The Point entity reflects the partitioned structure:
@Entity({ name: 'points', synchronize: false })
export class Point {
  // Composite primary key required for partitioning
  @PrimaryColumn({ type: 'uuid', name: 'id', default: () => 'gen_random_uuid()' })
  id: string;

  @PrimaryColumn({ type: 'bigint', name: 'timestamp' })
  timestamp: number;

  @Column({ type: 'bigint', name: 'tracker_device_imei' })
  trackerDeviceImei: number;

  @Column({
    type: 'geometry',
    spatialFeatureType: 'Point',
    srid: 4326,
    nullable: true,
    name: 'location',
  })
  location: string;

  // ... (50+ additional fields)
}
Note synchronize: false in the entity decorator.
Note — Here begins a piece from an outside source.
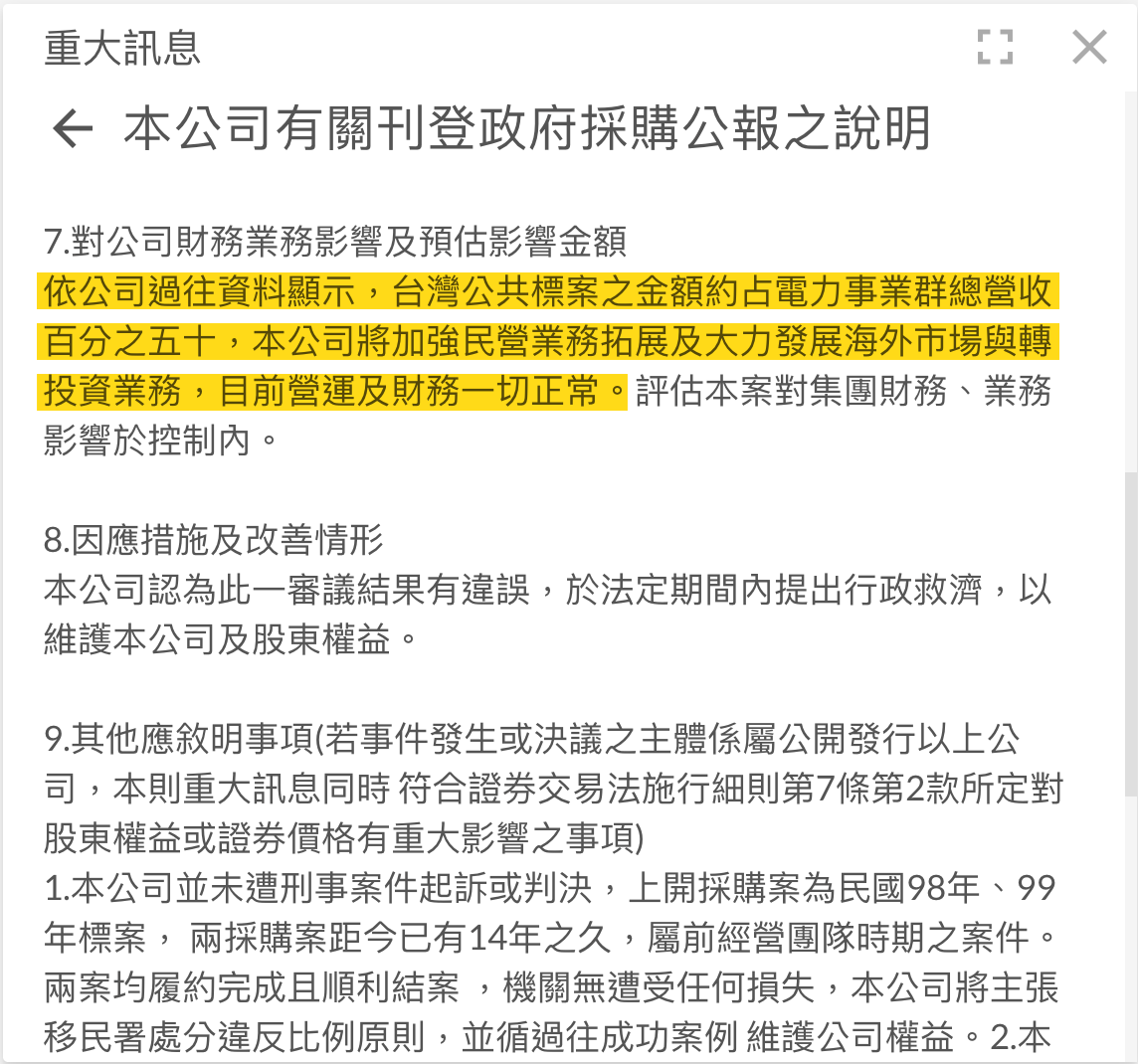 然而最新重大消息得知,大同因違反政府採購法,預估對電力相關事業衝擊約 50%,後續影響需持續追蹤。

This prevents TypeORM from trying to auto-create tables, since partitioned tables must be created with raw SQL.

Best Practices

Always include timestamp

Include the partition key in WHERE clauses to enable partition pruning

Pre-create partitions

Create partitions before data arrives to avoid insertion failures

Monitor partition growth

Track partition sizes to detect anomalies in data volume

Plan retention policies

Define how long to retain data before dropping old partitions

Troubleshooting

No partition exists for timestamp

If you see an error like:
no partition of relation "points" found for row
Solution: Manually create the missing partition:
await partitionManagerService.createPartitionForDate(new Date());

Query not using partition pruning

If queries scan all partitions instead of specific ones: Solution: Ensure your WHERE clause includes the partition key:
-- Bad: scans all partitions
SELECT * FROM points WHERE tracker_device_imei = 12345;

-- Good: only scans relevant partition
SELECT * FROM points 
WHERE tracker_device_imei = 12345 
  AND timestamp >= 1709427600000  -- Include partition key!